Agelaia is a genus of Neotropical social wasps (family Vespidae), with species from Mexico to northern Argentina. Fifteen of the 31 described species are found in Brazil. These species are swarm founders that nest in cavities. The nest generally is without an envelope.

The genus includes the species A. vicina that sometimes nests in attics in São Paulo, Brazil, and requires the services of the fire department for removal of the colony that can number more than 1,000,000 stinging wasps. It also includes A. pallipes that is a ground-nesting species found in South America and is considered one of the most aggressive wasps in the region.

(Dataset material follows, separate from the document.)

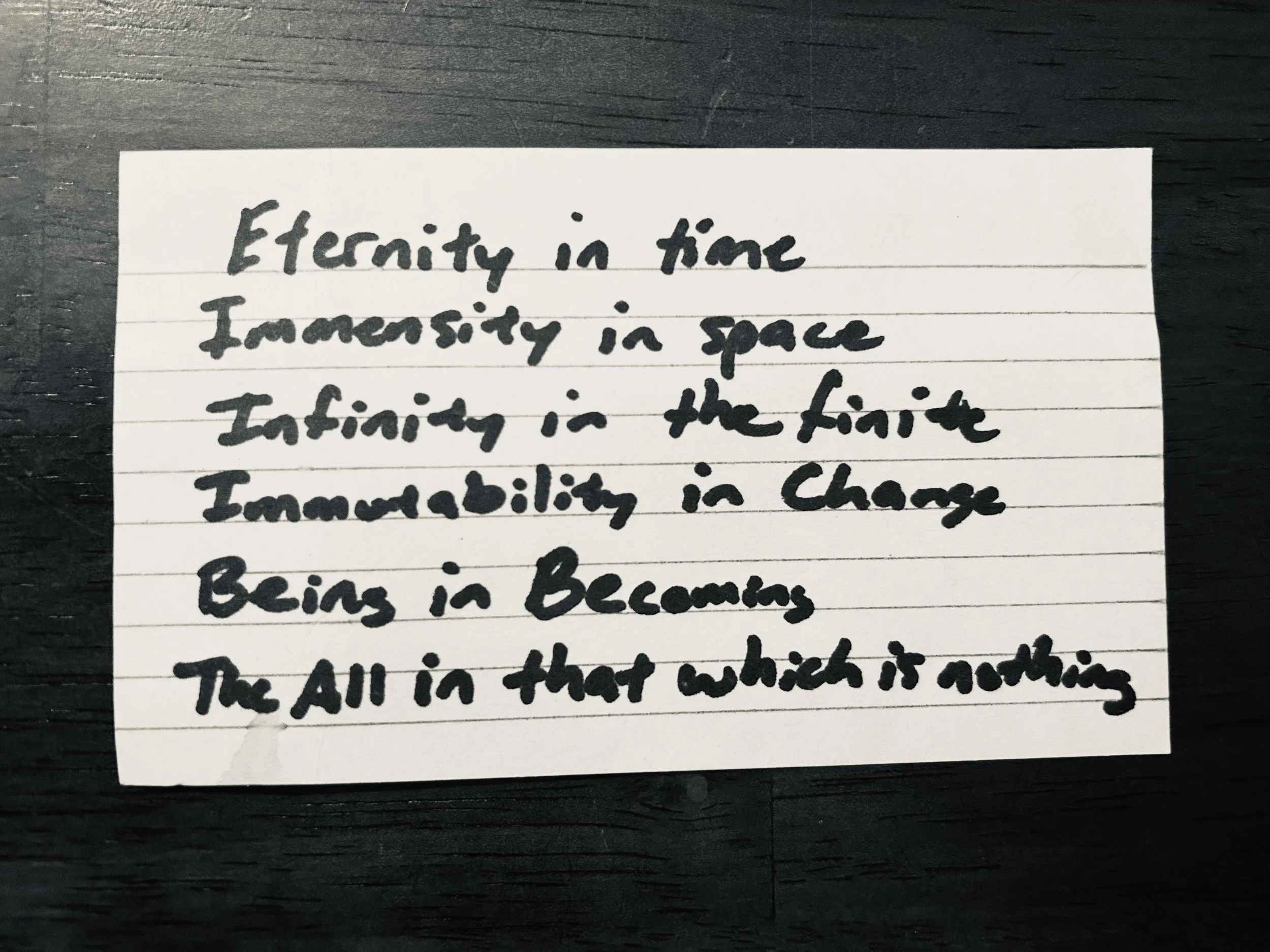 (Above: In December 2023, I read the quote from Herman Bavinck cited in this article. I wrote the words down on a 3×5 notecard, pictured above, and it has remained on my desk ever since as a reminder of God’s kindness to accommodate His creation.)

These wasps are considered aggressive compared to other wasp species, and inflict a painful sting. The main component of the venom is Agelotoxin, a Phospholipase A2 direct haemolysin, which may cause a severe reaction in some patients.

References 

 Zucchi, R., Sakagami, S. F., Noll, F. B., Mechi, M. R., Mateus, S., Baio, M. V., et al. (1995). Agelaia vicina, a swarm-founding polistine with the largest colony size among wasps and bees (Hymenoptera: Vespidae). Journal of the New York Entomological Society, 103(2), 129–137.
 Hermes Marcel Gustavo, Köhler Andreas. The genus Agelaia Lepeletier (Hymenoptera, Vespidae, Polistinae) in Rio Grande do Sul, Brazil. Rev. Bras. entomol.  [serial on the Internet]. 2004  Mar [cited 2008  May  17] ;  48(1): 135–138.